Citing that passage with approval in Re O, Sir Thomas Bingham MR drew attention to the judge's reference to a 'serious risk of major emotional harm', and went on to say that the court should not at all readily accept that the child's welfare would be injured by direct contact. Judging that question, he said, the court should take a medium-term and long-term view of the child's development and not accord excessive weight to what appears likely to be short-term or transient problems. Neither parent, he said, should be encouraged or permitted to think that the more intransigent, the more unreasonable, the more obdurate and the more uncooperative they are the more likely they are to get their own way."
56. The law we are to apply is thus quite clear. M's interests are paramount and unless there are very strong reasons why access should not be ordered, such an order should be made.
57. One such reason at least is where the mother is so traumatised that such an order would upset the stability of the family. In Re K the actions of the father were clearly disgraceful, and although C's behaviour is nothing like so bad, we bear in mind that there are a number of admitted assaults and that the level of stress and anxiety attested to by D and the witnesses who have seen her is genuine and that any order for access would greatly harm the family unit and all its members, not least M. We accept this and in our view the evidence is all one way.
58. The Court therefore finds that there should be no direct access whether supervised or unsupervised until further order.

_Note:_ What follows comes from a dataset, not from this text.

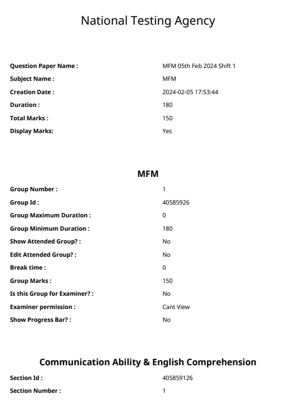 The NIFT 2024 Master of Fashion Management (MFM) Entrance Exam is a national-level test conducted by the National Institute of Fashion Technology (NIFT) for admission to its postgraduate design program. The exam assesses candidates on their creativity, analytical thinking, problem-solving ability, and knowledge of design trends.The NIFT 2024 Master of Fashion Management (MFM) Entrance Exam has a total of 150 marks and a duration of 3 hours. NIFT Master of Fashion Management (MFM) Question Paper With Solution PDF is available here.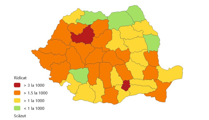 A legnagyobb fertőzöttségi ráta továbbra is Bukarestben van (3,25 ezrelék), következik Ilfov (3,2) és Kolozs megye (3,15).

59. We wish to add, though, that indirect contact is not only desirable but essential. It is most important that Mr Castledine's services are employed by both the parents and that M should grow up in the knowledge of who his father is; and it is further important, for M's sake, that his father should be kept informed of what is happening to his son. On this point although, per Mr Castledine, it is first for D to answer M's questions, he was clear that information should not only come from D.
60. The Court agrees with that view and it is further our view that D should enlist Mr Castledine's help in dealing with the questions as and when they arise.
61. It is further the Court's view that the problem of dealing with such questions as will be raised by M are better dealt with sooner rather than later, and particularly before they are raised as a result of remarks e.g. at school.
62. It is difficult, of course, for anyone to put a timescale on this, and in order that this should not be allowed to lapse, the Court orders that Mr Castledine should report to the Court in six months and thereafter every six months until further order.
63. Last, there will be liberty to either party to apply whenever there is a substantial change of circumstances.
Authorities
Rayden & Jackson on Divorce and Family Matters (17th Ed'n): s.4 (pp. 1425-1430).
M -v- M [1973] 2 All ER 81.
Re H (Minors) (Access) [1992] 1 FLR 148.
Re L (Contact: Domestic Violence) (2000) 2 FLR 334.
Re K (Contact: Mother's Anxiety) [1999] 2 FLR 703.
Re D (Contact: Reasons for Refusal) [1997] 2 FLR 49.
Re O (Contact: Imposition of Conditions) [1995] 2 FLR 125.